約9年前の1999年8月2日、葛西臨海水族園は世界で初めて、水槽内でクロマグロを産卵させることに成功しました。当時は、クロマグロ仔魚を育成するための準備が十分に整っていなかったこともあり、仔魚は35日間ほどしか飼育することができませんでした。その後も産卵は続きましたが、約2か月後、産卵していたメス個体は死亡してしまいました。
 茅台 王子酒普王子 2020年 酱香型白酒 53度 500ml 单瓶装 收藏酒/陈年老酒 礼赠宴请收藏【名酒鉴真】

* * *

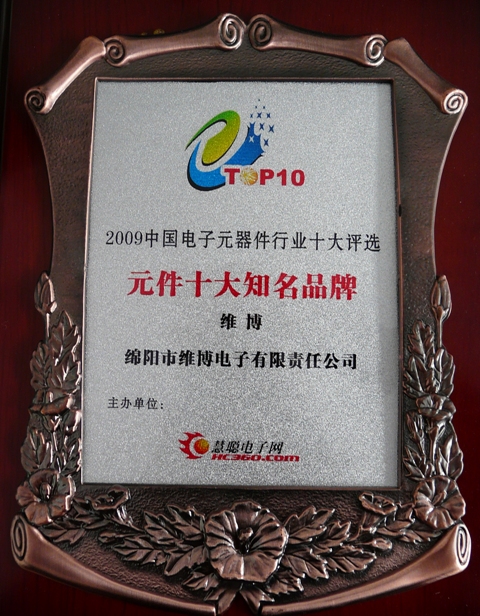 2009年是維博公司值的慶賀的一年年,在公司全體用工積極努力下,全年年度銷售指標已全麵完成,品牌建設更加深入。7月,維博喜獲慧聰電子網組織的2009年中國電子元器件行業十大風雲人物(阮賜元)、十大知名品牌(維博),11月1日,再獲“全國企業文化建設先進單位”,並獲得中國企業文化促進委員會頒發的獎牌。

...

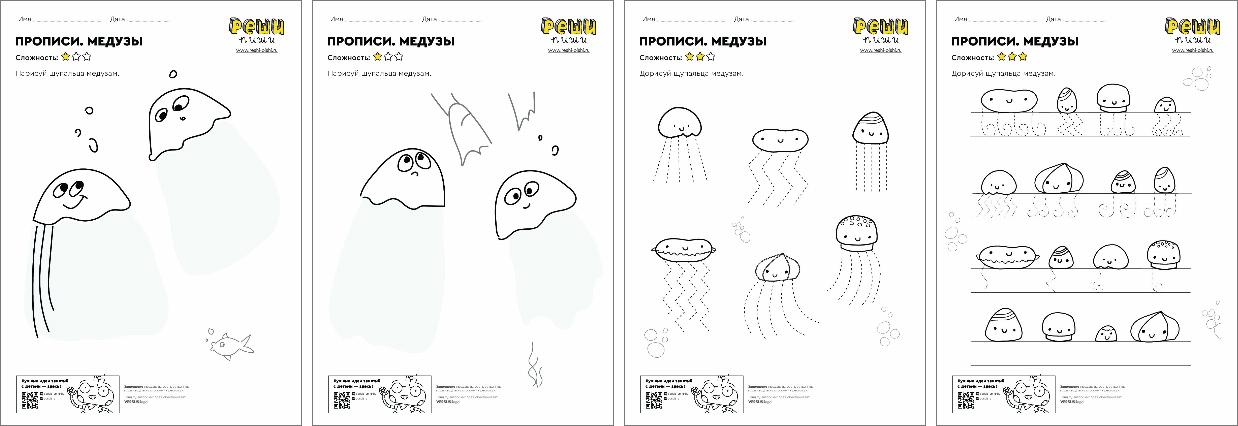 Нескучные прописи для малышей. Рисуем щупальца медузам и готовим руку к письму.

Try it: Of all the entries above, repeat only the lines from the line that has "約9年前の1999年8月2日" to the line that has "茅台 王子酒普王子 2020年", both lines included, exactly.

Your solution:
約9年前の1999年8月2日、葛西臨海水族園は世界で初めて、水槽内でクロマグロを産卵させることに成功しました。当時は、クロマグロ仔魚を育成するための準備が十分に整っていなかったこともあり、仔魚は35日間ほどしか飼育することができませんでした。その後も産卵は続きましたが、約2か月後、産卵していたメス個体は死亡してしまいました。
 茅台 王子酒普王子 2020年 酱香型白酒 53度 500ml 单瓶装 收藏酒/陈年老酒 礼赠宴请收藏【名酒鉴真】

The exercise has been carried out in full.